**Task to complete:** Which lines of the entries below run from the one holding "Gian hàng của" to the one holding "Vásárút, Trhová Hradská;", inclusive? Set down exactly those lines and no others.

**Data section:**
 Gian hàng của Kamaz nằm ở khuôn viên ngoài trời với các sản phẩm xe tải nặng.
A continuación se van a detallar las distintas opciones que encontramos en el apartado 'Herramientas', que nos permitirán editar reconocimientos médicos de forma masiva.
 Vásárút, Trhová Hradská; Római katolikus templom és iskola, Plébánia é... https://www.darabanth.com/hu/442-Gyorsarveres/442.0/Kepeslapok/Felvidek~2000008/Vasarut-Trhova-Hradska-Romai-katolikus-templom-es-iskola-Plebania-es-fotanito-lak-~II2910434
...
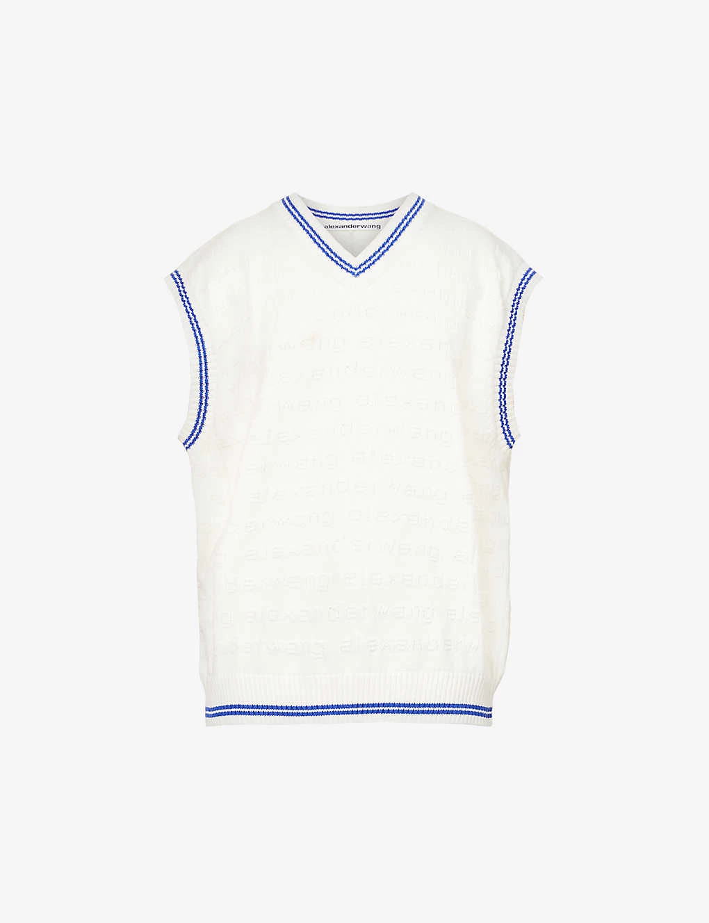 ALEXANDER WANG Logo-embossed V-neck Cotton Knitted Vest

**Written response:**
 Gian hàng của Kamaz nằm ở khuôn viên ngoài trời với các sản phẩm xe tải nặng.
A continuación se van a detallar las distintas opciones que encontramos en el apartado 'Herramientas', que nos permitirán editar reconocimientos médicos de forma masiva.
 Vásárút, Trhová Hradská; Római katolikus templom és iskola, Plébánia é... https://www.darabanth.com/hu/442-Gyorsarveres/442.0/Kepeslapok/Felvidek~2000008/Vasarut-Trhova-Hradska-Romai-katolikus-templom-es-iskola-Plebania-es-fotanito-lak-~II2910434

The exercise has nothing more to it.